The sinister princes of the north were arrayed with knives, spears, swords, bows, shields and armour wrought with the runes of Vaul, testaments to the power of Nagarythe and Anlec. Banner bearers with black and silver standards stood in attendance, and heralds sounded the trumpets and pipes at their arrival. A cabal of sorcerers accompanied the Naggarothi contingent, clad in robes of black and purple, their faces tattooed and scarred with ritual sigils, their heads shaved.
Another group there was, of princes from the lands founded by Caledor in the south, and from the new realms
to the east – Cothique, Eataine, Yvresse and others. At the fore stood the young mage Thyriol, and golden-haired Menieth, son of Caledor Dragontamer.
In contrast to the Naggarothi these elves of the south and east were as day is to night. Though all had played their part in the war against the daemons, these princes had cast off their wargear and instead carried staves and sceptres, and in the place of war helms they wore golden crowns as symbols of their power. They were clad predominantly in white, the colour of mourning, in remembrance of the losses their people had suffered; the Naggarothi eschewed such affectation even though they had lost more than most.
‘Aenarion has passed on,’ Morathi declared to the council. ‘The Godslayer, the Widowmaker, he returned to the Altar of Khaine so that we can be free of war. In peace, my son wishes to rule, and in peace we would explore this new world that surrounds us. Yet, I fear peace now is a thing of memory, and perhaps one day to be nothing more than myth. Do not think that the Great Powers that now gaze upon our world with hungry, immortal eyes can be so easily defeated. Though the daemons are banished from our lands, the power of Chaos is not wholly exiled from the world. I have gazed far and wide this past year, and I have seen what changes the fall of the gods has wrought upon us.’
‘In war, I would follow no other king,’ said Menieth, striding to the centre of the circle formed by the princes. ‘In Nagarythe is found the greatest strength of arms upon this isle. The war is over, though, and I am not sure that the strength of Nagarythe lies in tranquillity. There are other realms now, and cities where there were castles. Civilisation has triumphed over Chaos on Ulthuan, and we shall take that civilisation across the seas and the elves shall reign where the gods have fallen.’
‘And such arrogance and blindness shall see us humbled,’ said Morathi. ‘Far to the north, the lands are blasted wastelands, where creatures corrupted by dark magic crawl and flit. Ignorant savages build altars of skulls in praise of the new gods, and spill the blood of their kin in worship. Monstrous things melded of flesh and magic prowl the darkness beyond our shores. If we are to bring our light to these benighted lands, it shall be upon the glittering tip of spear and arrow.’

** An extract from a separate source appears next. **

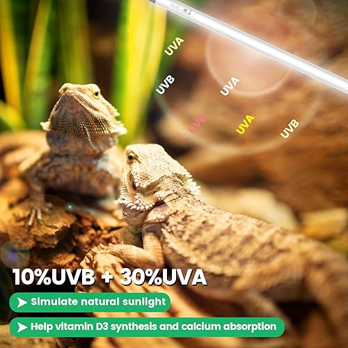 Simulates Natural Sunlight: High-output UVB T5 lamps provide essential UVB, UVA, and visible light for reptiles, promoting calcium absorption, enhancing appetite, and preventing metabolic bone disease, which helps them better adapt to captive environments and grow healthier
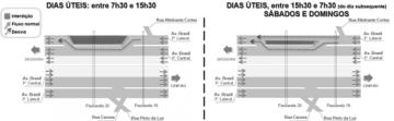 Entre às 8h de quarta-feira (29/07) e 14h de sábado (01/08) a operação para construção da rede de drenagem da Av. Brasil, altura da Passarela 19, será continuada. Para viabilizar o procedimento, 1 faixa da pista Central da Av. Brasil, sentido Deodoro, será parcialmente interditada e a agulha da pista lateral para a central será bloqueada. Para minimizar os impactos no trânsito, a pista lateral, que hoje encontra-se em obras, será totalmente liberada às 4h de quarta-feira (29/07).

‘Hardship and bloodshed are the price we pay for our survival,’ argued Menieth. ‘Nagarythe shall march at the forefront of our hosts and with the valour of the Naggarothi we shall pierce that darkness. However, we cannot be ruled by war as we were when Aenarion strode amongst us. We must reclaim our spirits from the love of bloodshed that consumed us, and seek a more enlightened path towards building a new world. We must allow the boughs of love and friendship to flourish from the roots of hatred and violence sown by the coming of Aenarion. We shall never forget his legacy, but our hearts cannot be ruled by his anger.’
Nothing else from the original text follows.